[Input for this task Boundary: Start]
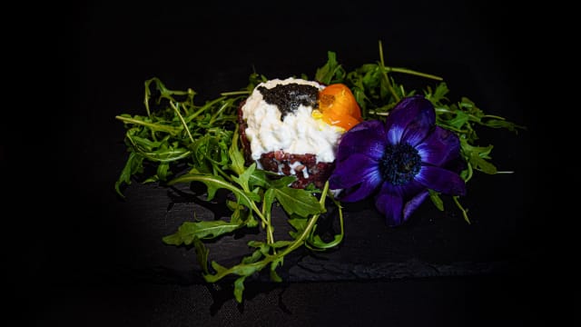 I nostri tonnarelli con crema di cavolo viola, battuta di manzo
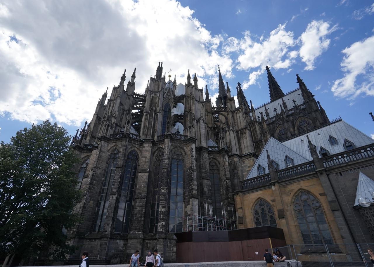1時間半ほどヴァラフ・リヒャルツ美術館を堪能し、ケルン大聖堂に戻ってきました。ゴシック建築としては世界最大の大聖堂の外観を時計回りに見ていきます。
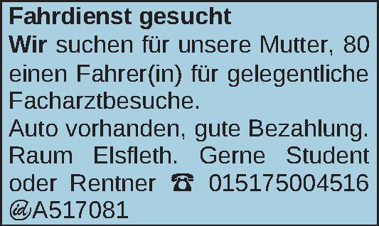 Anzeigentitel: Fahrdienst gesucht
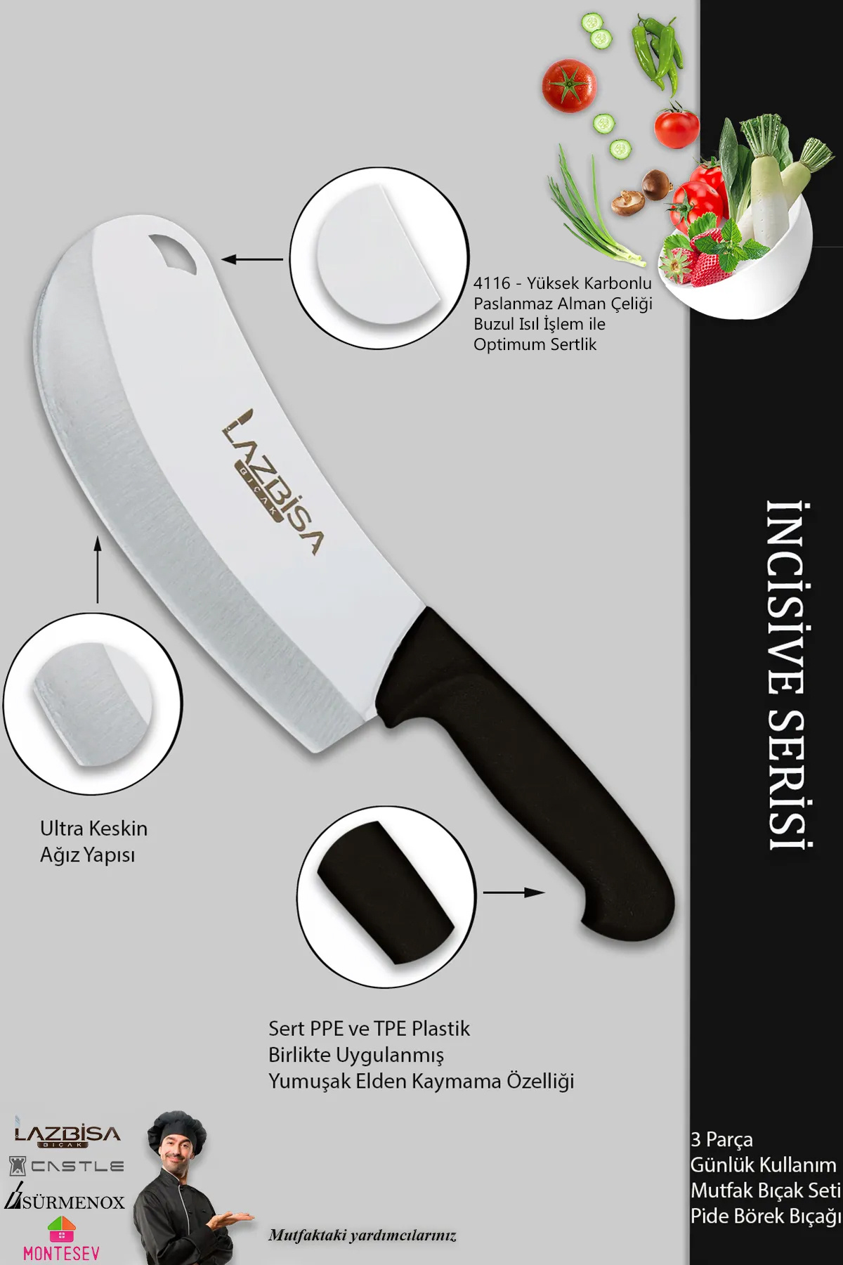 İncisive Serisi Pide Börek Soğan Pizza Kesici Mutfak Bıçak Seti Satır Zırh Siyah Renk İncisive Serisi Pide Börek Soğan Pizza Kesici Mutfak Bıçak Seti Satır Zırh Siyah Renk LAZBİSA006 تک سایز
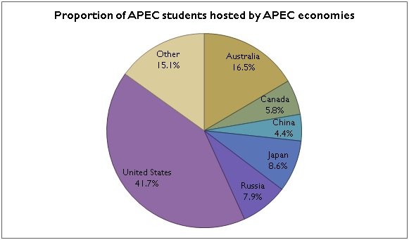 Although the absolute numbers of degree-mobile students from APEC communities is large, their number as a proportion of the tertiary population is relatively small, indicating significant potential for growth in future years.
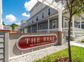 2019 built contemporary townhouse conveniently situated blocks from the University of Florida and the recently established Santa Fe Blount Center. Nestled between the vibrant neighborhoods of Midtown and Downtown Gainesville, and just a stone's throw away from the UF campus, The Reef stands as the ultimate student housing choice! Each room in this townhouse is designed as a generous master suite, complete with its own private bathroom and an expansive walk-in closet. Furnished units available. Includes parking and GRU fiber optic internet!
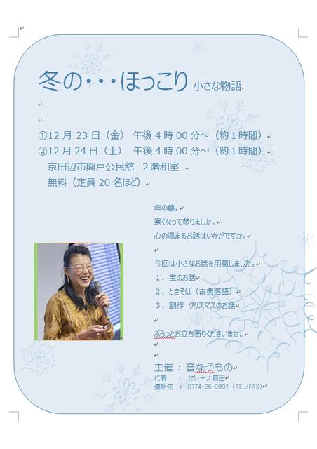 「ことばの家」で集中して学んでいらっしゃる生徒さんのおひとり、 前田さんが年末にお話し会を催します。 小さなお話し会ですが、きっと、 聴き応えのある時間になりますよ! ぜひ、お近くの方、いらしてくださいね。 年の暮。 寒くなって参りました。 心の温まるお話はいかがですか。 今回は小さなお話を用意しました。 1.宝のお話 2.ときそば(古典落語) 3.創作 クリスマスのお話 ぶらっとお立ち寄りくださいませ。 日時: 12月23日(金) 午後4時00分〜(約1時間) 12月24日(土) 午後4
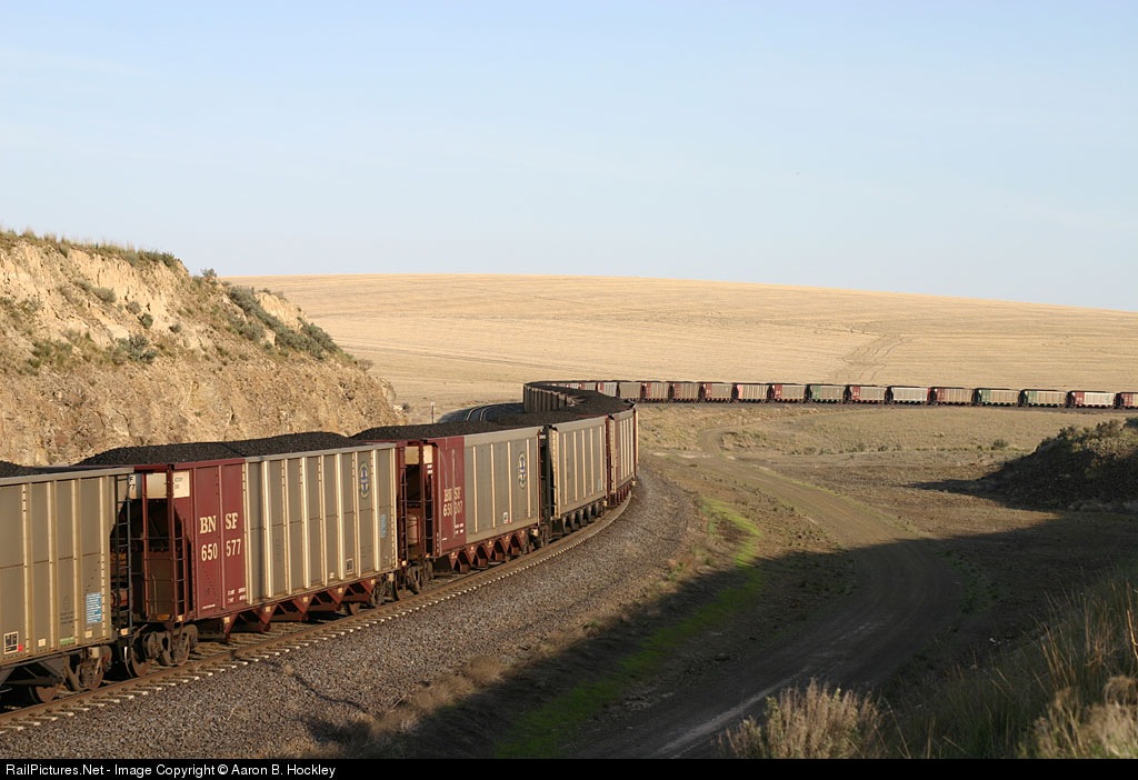 A set of BNSF coal cars snakes across Providence Hill
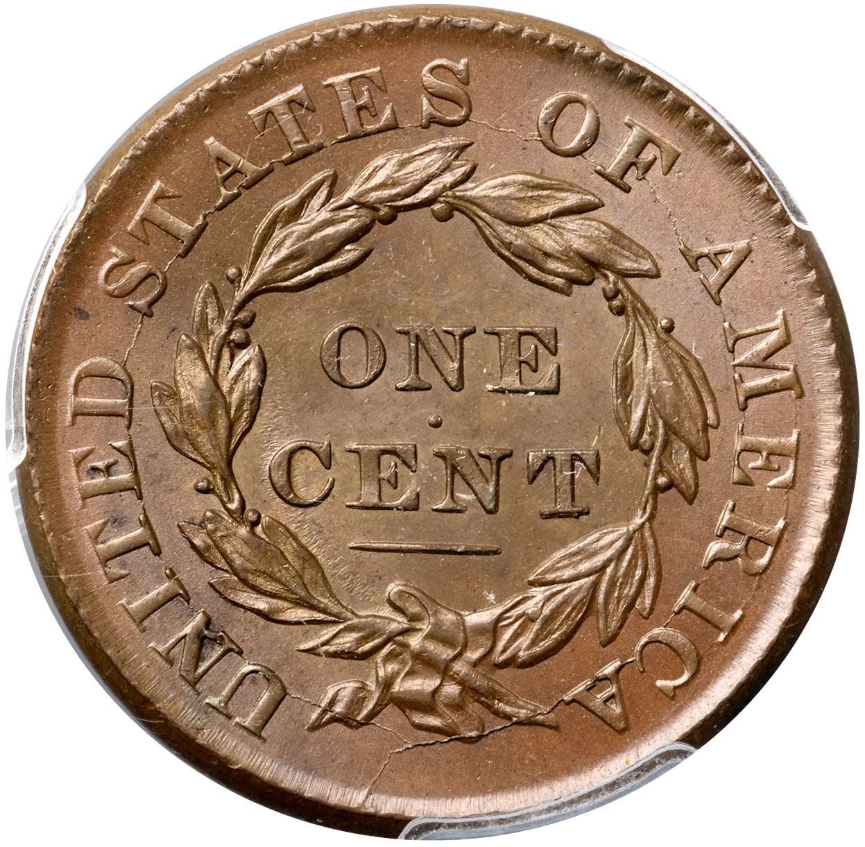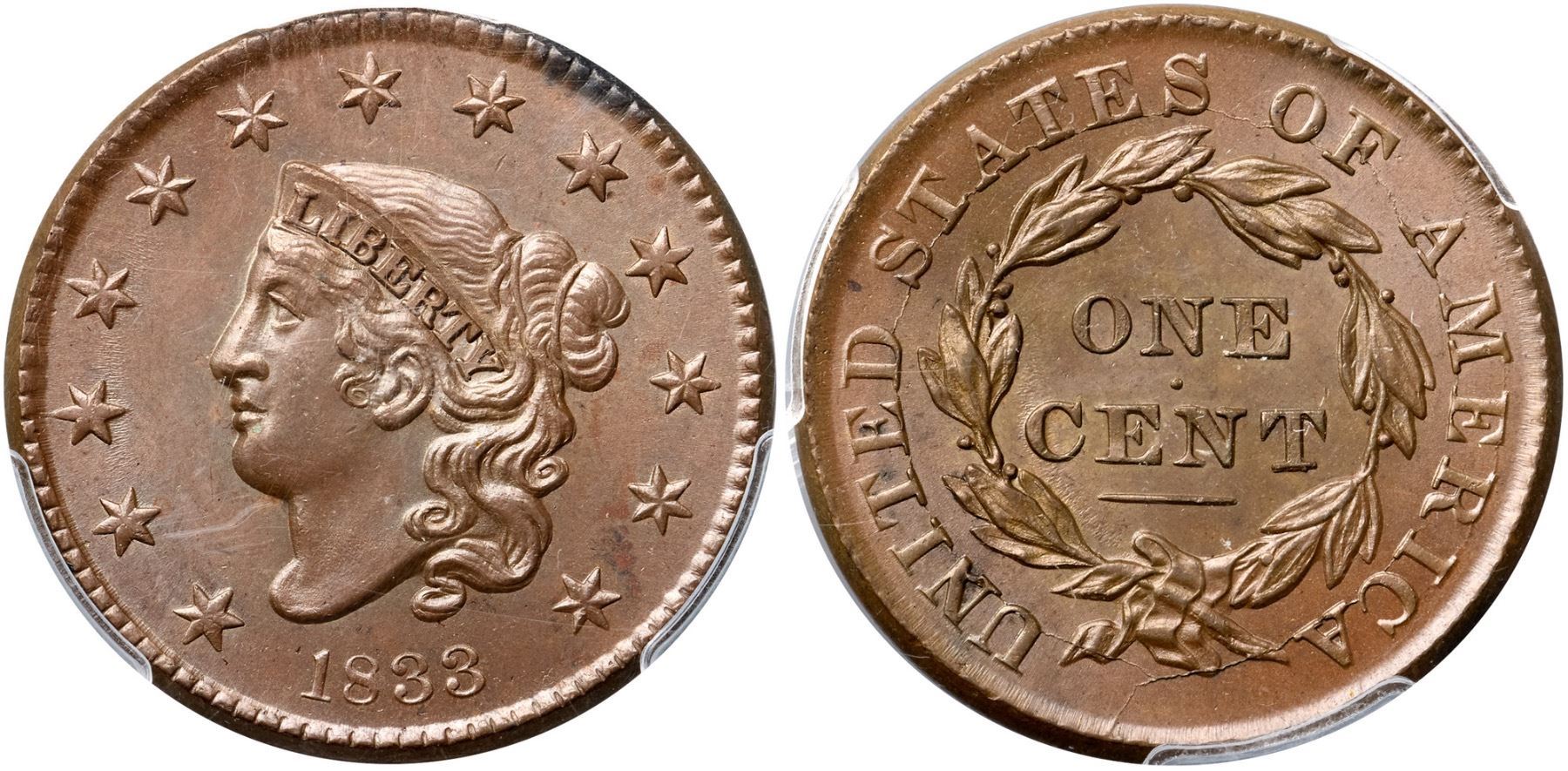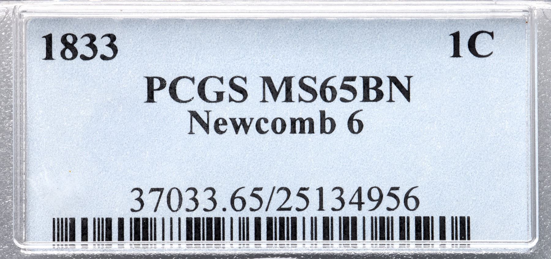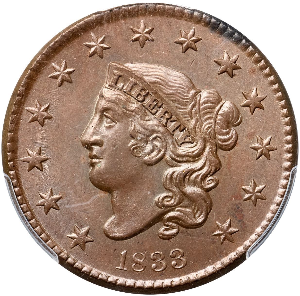 1833 N-6 R1 PCGS graded MS65 BrownVery attractive lustrous bluish steel and light chocolate. The surfaces are satiny and virtually flawless, and this cent has great eye appeal. The only marks are a faint wisp of slightly darker toning between stars 12 & 13, darker steel toning in the dentils from star 8 to star 9, and a speck at the dentil tips left of the first S in STATES. LDS, die state c, with a small lump between the two parallel cracks through the bottom of N in UNITED. Our grade is MS63.Certificate Number: 37033.65/25134956Pedigree: Ex Bowers & Merena 3/1999:1142-Thomas D. Reynolds 2/2005-Paul Gerrie, McCawley & Grellman Auctions/Goldbergs 5/27/2012:37-Terry S. Denman Collection
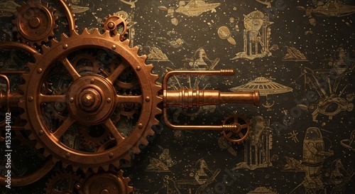 Fototapeta premium Steampunk Gears and Telescope on Space Wallpaper
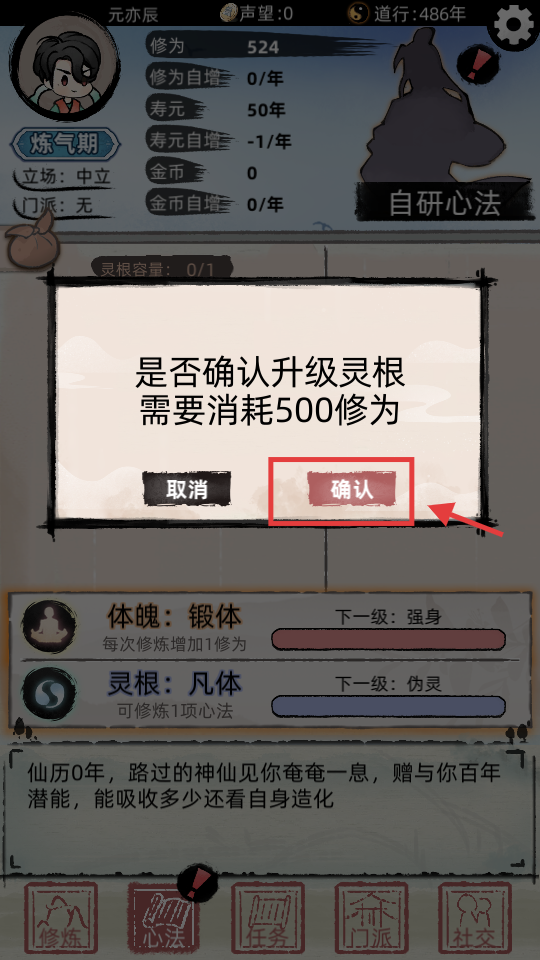 4、修为达500时点击【确认】升级灵根,提升灵根等级,可修炼更多心法。
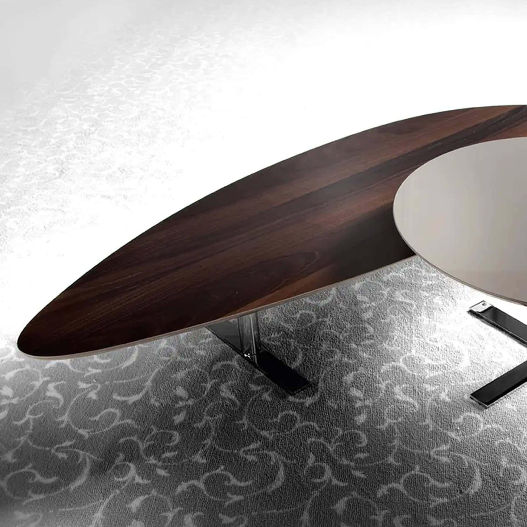 This unusual coffee table has beveled edges and an intriguingly long ellipse shape. The base of Lui, which comes in a variety of metal finishes, is the ideal complement to the Planet coffee table. Several opulent finishes for the base are offered and is available in a wood or lacquer finish.
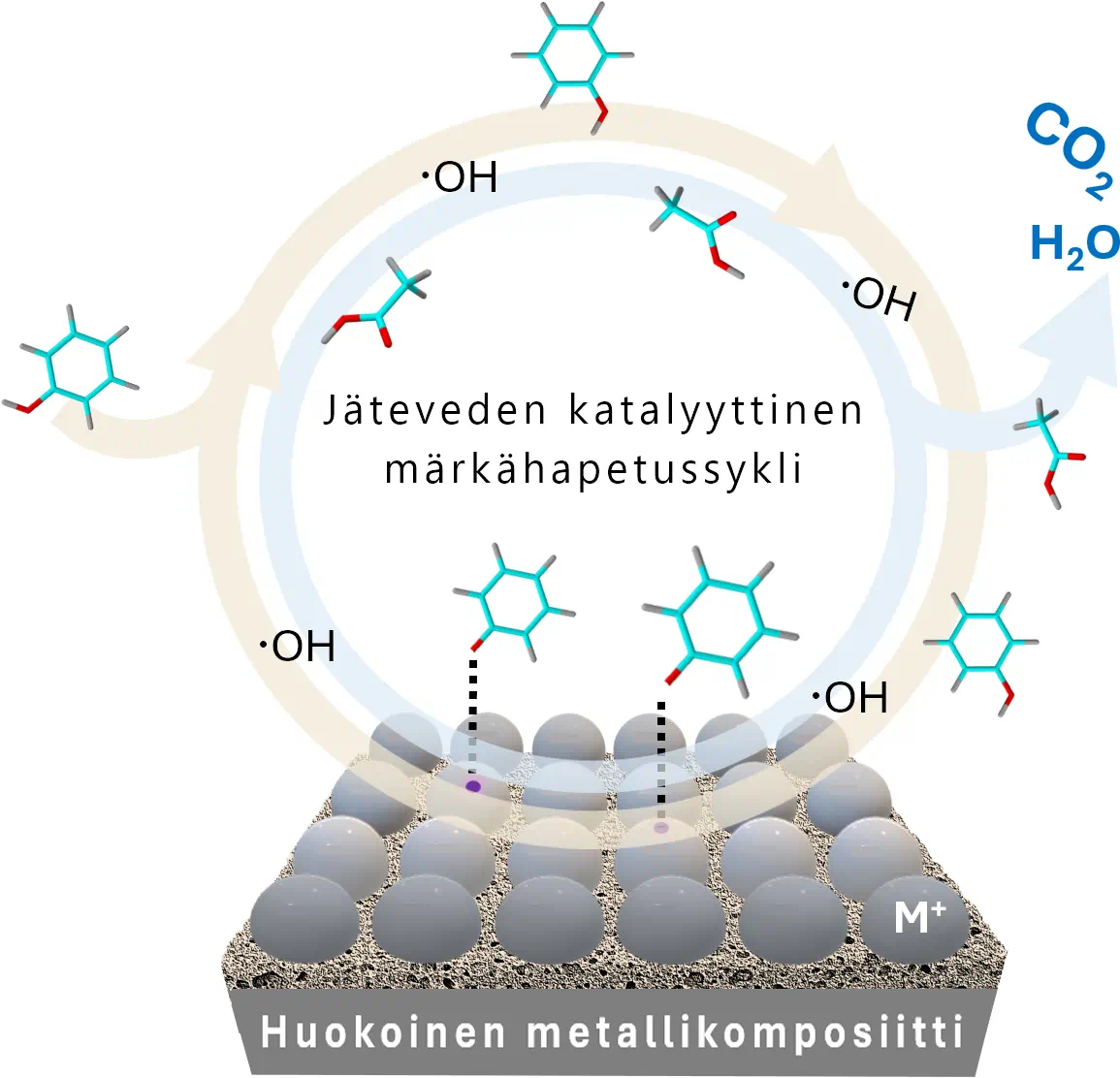 Kunnallis- ja teollisuusjätevedet sisältävät tutkitusti myrkyllisiä ei-biohajoavia yhdisteitä, kuten muoviteollisuuden raaka-aineita ja lääke- sekä huumausainejäämiä. Nämä luovat haasteita jäteveden puhdistukseen ja sen biologisiin prosesseihin. Kiertotalouden periaatteella väitöstyössä valmistettiin jäteveden esikäsittelyyn luonnonmukaisia, huokoisia mangaani- ja kuparikomposiitteja, joiden aktiivisuutta arvioitiin bisfenoli A:n (BPA) sekä lääkeainejäämien katalyyttisessä märkähapetuksessa. Kupari- sekä mangaanikomposiitin pinnalla BPA hajosi 98- ja 60-prosenttisesti. Katalyyttisessä märkähapetuksessa seurattiin myös lääkeainejäämien ei-biohajoavien yhdisteiden biohajoavuutta. Mangaani- sekä kuparikomposiitilla biohajoavuus kasvoi peräti 65 ja 80 prosenttia. Metallikomposiitit ovat ekologinen edullinen vaihtoehto nykyisille katalyyttimateriaalien valmistajille ja jätevesipuhdistuksen toimijoille.
[Input for this task Boundary: End]
> **What you will do**
Quote the data above exactly from the line with "Fototapeta premium Steampunk" to the line with "4、修为达500时点击【确认】升级灵根,提升灵根等级,可修炼更多心法。", both ends counted, and nothing else. Pictures don't go in.

> **Result of this task**
 Fototapeta premium Steampunk Gears and Telescope on Space Wallpaper
 4、修为达500时点击【确认】升级灵根,提升灵根等级,可修炼更多心法。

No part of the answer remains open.